Economy Plays Grinch

In this year's Christmas gala, the economy's playing the role of Grinch. And the reviews are not good.

Consumer confidence is mired in its worst stretch in 23 years of weekly polls, with hardly a merry Who in sight. The ABC News Consumer Comfort Index stands at -51 on its scale of +100 to -100, easily within reach of the record low, -54, it hit Dec. 1.

Click here for PDF with charts and data table.

The CCI's been at or below -50 for six weeks straight, matching or setting record lows three times in that period. It's seen -50 or worse only 11 times in nearly 1,200 weeks of continuous polling – 10 of them this year.

Slumping confidence accompanies a range of negative indicators – rising unemployment and jobless claims, retail troubles and continued upheaval in the financial world. While gas prices have eased to their lowest since February 2004, other concerns have moved in. ABC News and The Washington Post will report tomorrow on an extensive survey of Americans' anxieties about current economic conditions.

INDEX – The CCI is based on Americans' ratings of the economy, their personal finances and the buying climate. Just 7 percent now say the economy's good, matching the low of two and four weeks ago and, previously, late 1991 and early 1992.

That rating is down 24 points on the year and 32 points off the long-term average; it's been in single digits for six weeks, the longest stretch since early 1992.

Just 22 percent rate the buying climate positively, down 9 points on the year and 16 points below the average. Twenty-five percent or fewer have rated the buying climate positively for 37 straight weeks, the longest such run on record.

At 44 percent, positive ratings of personal finances, typically the strongest measure, are down 14 points this year and 13 points off their average. Fewer than a majority have rated their finances positively for 21 weeks, the longest such stretch since 1992-93.

EXPECTATIONS – In a separate measure, views of the economy's future are hardly encouraging: Sixty-four percent think it's getting worse, up 9 points from last month, although down from an extraordinary 82 percent in October.

Only 9 percent think the economy is getting better, down from 16 percent last month.

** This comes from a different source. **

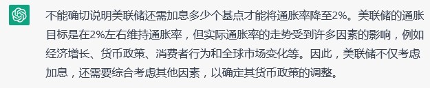 這裏可以看到,ChatGPT 對於美聯儲加息進程的判斷與市場普遍預期一致,於是,我們乘勝追擊拋出下一個問題:美聯儲還需加息多少基點才能將通脹率降至 2%?

Expectations have been muted all year; only in November and September did positive views crack double digits. An average of 67 percent this year have said the economy's worsening, compared with 40 percent in polls since 1981.

TREND – Since starting the year at -20, the CCI's hit hard times. It tumbled to a then-record low of -51 in May, recovered to -41 in July and September, but has been at -50 or below since mid-November – as noted, an unprecedented six weeks at this level.

The index has averaged -42 this year, surpassed only by its -44 in 1992. Those compare to its best year, +29 in 2000, and its best week, +38 in January 2000.

GROUPS – The CCI has been negative across demographic groups for 25 straight weeks; differences – mostly influenced by income levels – are smaller than usual, apparently given the level of agreement about the economic conditions.

It's -24 among people with the highest incomes compared with -58 among those with the lowest incomes; -48 among those who've been to college vs. -53 among high-school dropouts; -55 among blacks vs. -48 among whites (matching their low); and -59 among women (a new low) vs. -41 among men. The index is -66 among renters vs. -46 among homeowners.